II: TIME OF PERFORMANCE
The term of this Agreement shall commence on the date of the last signature affixed to this
Agreement (the “effective date”) and terminate one year from the effective date unless the
contract is sooner terminated under Section V “Termination”.
III. PAYMENTS
A. PAYMENTS TO PROJECT HOPE. City shall pay to Project Hope the sum specified in
Article I after the effective date of this Agreement.
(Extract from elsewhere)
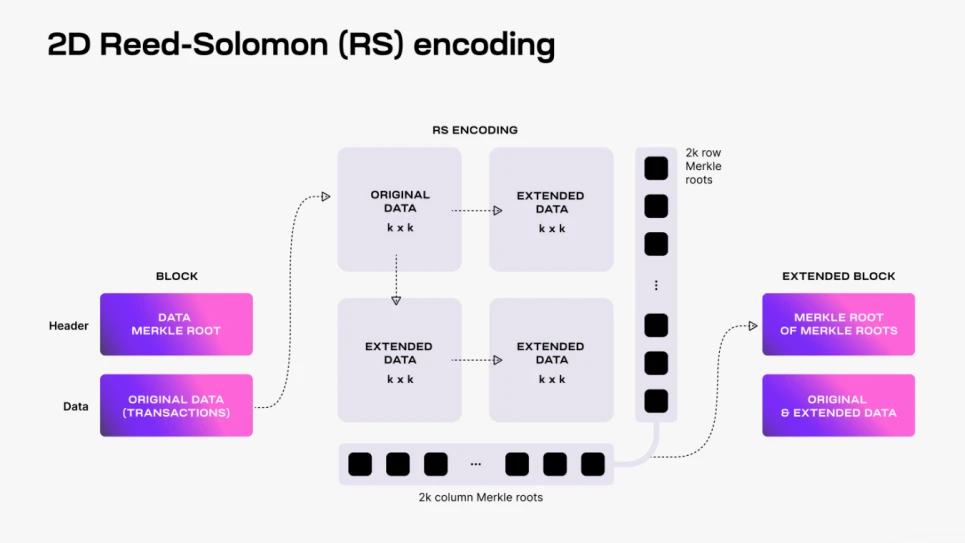 DAS 使轻节点无需下载整个区块的情况下能够验证数据可用性。轻节点因仅下载区块头无法验证数据可用性,Celestia 使用二维 RS 纠删码编码方案(2-dimensional Reed-Solomon encoding scheme)对区块数据进行重新编码以实现轻节点的 DAS。数据可用性采样(DAS)的工作原理是让轻节点对小部分块数据进行多轮随机采样。随着轻节点完成更多轮的块数据采样增加数据可用的信心。一旦轻节点成功达到预定的置信水平(例如 99 %)就认为数据可用。
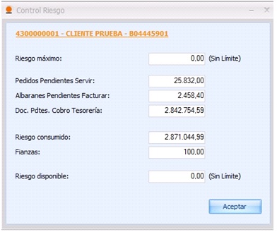 2. Consultar los importes del cliente, en el botón correspondiente, mostrando un informe resumen del mismo:

B. ExcEss PAYMENT. Project Hope shall refund to City within ten (10) working days
of City's request, any sum of money which has been paid by City and which City at any time
thereafter determines: has resulted in overpayment to Project Hope; or has not been spent strictly in
accordance with the terms of this Agreement; or is not supported by adequate documentation to fully
justify the expenditure.
IV. EVALUATION
Project Hope agrees to participate in an implementation and maintenance system whereby
the services can be continuously monitored. Project Hope maintains records that provide complete
and accurate statements as to the status and use of City funds. In addition, upon request, Pro j ect
Hope agrees to provide the City with the following data and reports, or copies thereof: all
external or internal audits. Project Hope shall submit a copy of the annual independent audit to the
City within ten (10) days of receipt; all external or internal evaluation reports; and an explanation
of any major changes in program services.
V. TERMINATION
The City may terminate this Agreement for cause if Project Hope violates any covenants,
agreements, or guarantees of this Agreement, Project Hope’s insolvency or filing of bankruptcy,
dissolution, or receivership, or Project Hope’s violation of any law or regulation to which it is bound
under the terms of this Agreement. The City may terminate this Agreement for other reasons not
specifically enumerated in this paragraph, including for convenience.
VI. WARRANTIES
Project Hope represents and warrants that:
A. All financial reports, information, reports, records, and data heretofore or hereafter
requested by City and furnished to City, are complete and accurate and fairly reflect the financial
conditions of Project Hope, if applicable, as of the date shown on the financial report, information,
data, record, or report, and, since that date, have not undergone any significant change, adverse or
otherwise, without written notice to City.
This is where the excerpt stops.